Pattern Pruning, Pattern Clustering and Summarization

Dr. Andrew K.C. Wong
Department of Systems Design Engineering
University of Waterloo

Date: June 10, 2008 (Tuesday)
Time: 11:00 am - 12:00 pm
Venue: OEE601, Oen Hall (East Wing), Ho Sin Hang Campus

Mining patterns such as itemsets, association rules and association patterns is important in knowledge discovery and data mining. However, the number of discovered patterns or rules is usually overwhelming. Hence, we need new technologies to prune, cluster, summarize the discovered patterns/rules for effective interpretation, analysis and visualization. To achieve the pattern analysis tasks, the distance measure between patterns is most basic and crucial. Contemporary pattern distances are based on counting the number of samples where patterns match or mismatch. They are inadequate to render effective solutions. This talk will first give a brief analysis of sample-matching distances between patterns for categorical data. It then presents three new distance measures between pattern s (pattern clusters). Using the new distance measures, we have developed new methods for: a) pattern pruning, b) pattern clustering and c) pattern summarization. Pattern pruning prunes redundant patterns. In addition to closed itemset and maximal itemset pruning, we have developed a generalized itemset pruning technique which is able to allow tradeoff between the number of itemsets preserved and the information loss during pruning. In pattern clustering, a dual process which simultaneously clusters patterns and their associated data is developed. When patterns are grouped into a pattern cluster, their associated data will be grouped into a data grouping. Then both the statistical and probabilistic aspects of information are used in the clustering process. To further reduce the number of patterns, a new pattern summarization process which is able to select a few most representative patterns to serve as summary patterns for each cluster is introduced. In the talk, the theoretical aspect and analytical details of these methods will be presented, together with extensive experimental results on synthetic and real world data in comparison with other contemporary methods.
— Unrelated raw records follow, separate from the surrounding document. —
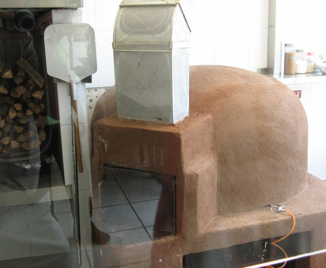 There's a good list of appetizers, but we passed over those and shared a pizza Margherita. In a small lapse of service, the pizza arrived at the same time as our steaks. The pizza itself was medium sized, and the toppings delicious. The crust, unfortunately, was pale and limp. One of the attractions of a wood fired oven is to obtain a well browned bottom crust on the pizza. But I will give the restaurant credit for making an effort to use it. Perhaps the pizza cooks need more practice to perfect what must be a difficult art to master.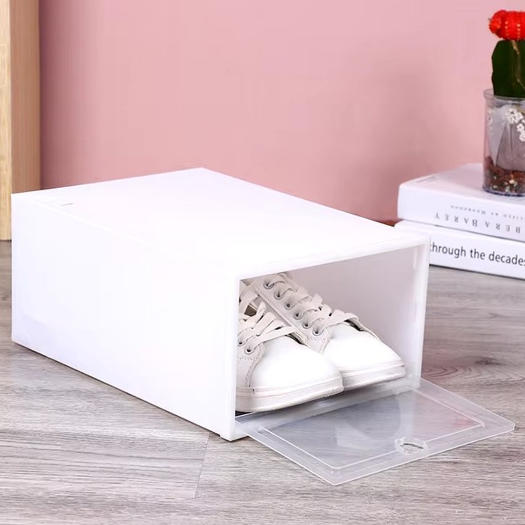 Se você não tem lugar para guardar os sapatos em casa ou tem dificuldade em encontrar o calçado que procura, a caixa organizadora vai te ajudar a resolver estes problemas! - O produto tem uma tampa transparente para fácil visibilidade. - Design de combinação livre, fácil de mover. - Sapatos de tamanho grande também podem ser guardados. - Encaixes plugáveis para empilhar umas nas outras. - Plástico super-resistente e flexível. Pode ser utilizado para: - Guardar Sapatos /Ténis/Chinelos/Sandálias - Objetos - Roupas - Itens de Escritório Cores: Branco, Preto, Rosa, Azul e Verde Especificações: Composição: Plástico Tamanho de cada caixa Altura: 13cm Comprimento: 33cm Largura: 24cm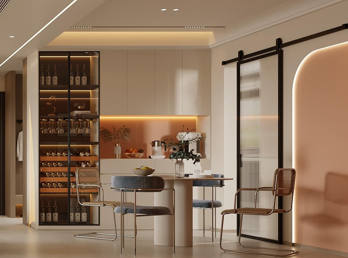 延续奶油风质感,浅米色柜体搭配玻璃酒柜,呈现精致用餐氛围。圆形餐桌、撞色餐椅与艺术花艺,传递生活仪式感。玻璃移门衔接客厅,让空间互动流畅,底部灯带勾勒层次,构建兼具收纳、展示与用餐功能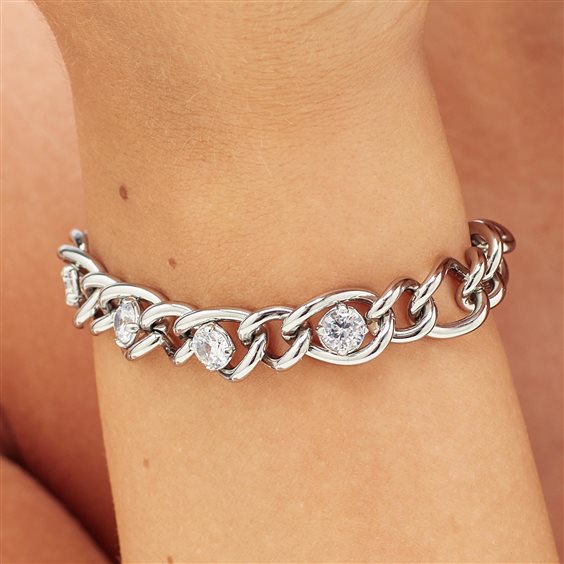 Bracciale catena in acciaio 316L e cubic zirconia.

Dr. Wong holds a Ph.D. from Carnegie Mellon University; B.Sc (Hons) and M.Sc. from the Hong Kong University. He is an IEEE Fellow for his contribution in machine intelligence, computer vision, and intelligent robotics. Currently, Dr. Wong is a Distinguished Professor Emeritus (Systems Design Engineering), adjunct also to the School of Computer Sciences and the Electrical and Computer Engineering at the University of Waterloo (UW). He was the Founding Director of Pattern Analysis and Machine Intelligence Laboratory (PAMI Lab) at UW, a Distinguished Chair Professor at the Hong Kong Polytechnic University (00-03) and an Honorable Professor, Electronic Engineering, University of Hull. His research areas cover machine intelligence, computer vision, intelligence robotics, pattern recognition, data mining and bioinformatics. Dr. Wong has published over hundred journal papers and close to two hundred conference papers and book chapters; and is holding five US Patents. He served as the General Chair of IASTED Conference of Robotics and Control, 1996 and General Chair of Intelligent Robotics and Systems Conference 1998. Dr. Wong has been an invited speaker in the Distinguished Speaker Program, IEEE Computer Society, 1994-1996 and a Distinguished Lecturer in the Special Lecture Series on Computer Vision at the School for advanced Studies in Industrial and Applied Mathematics (SASIAM), Technopolis, Bari, Italy. In the industrial sectors, Dr. Wong has served as consultant to many high-tech companies in USA, Canada and Hong Kong. Based on the core technologies he and his team have developed, three high tech companies were founded. Dr. Wong is a founder, and retired director of Virtek Vision International Corporation, a publicly traded company and a leader in laser and vision technology. He was its president (86-93) and Chairman (93-97), director (97-03). In 1997, he co-founded Pattern Discovery Software Systems Ltd. and has served as Chairman ever since.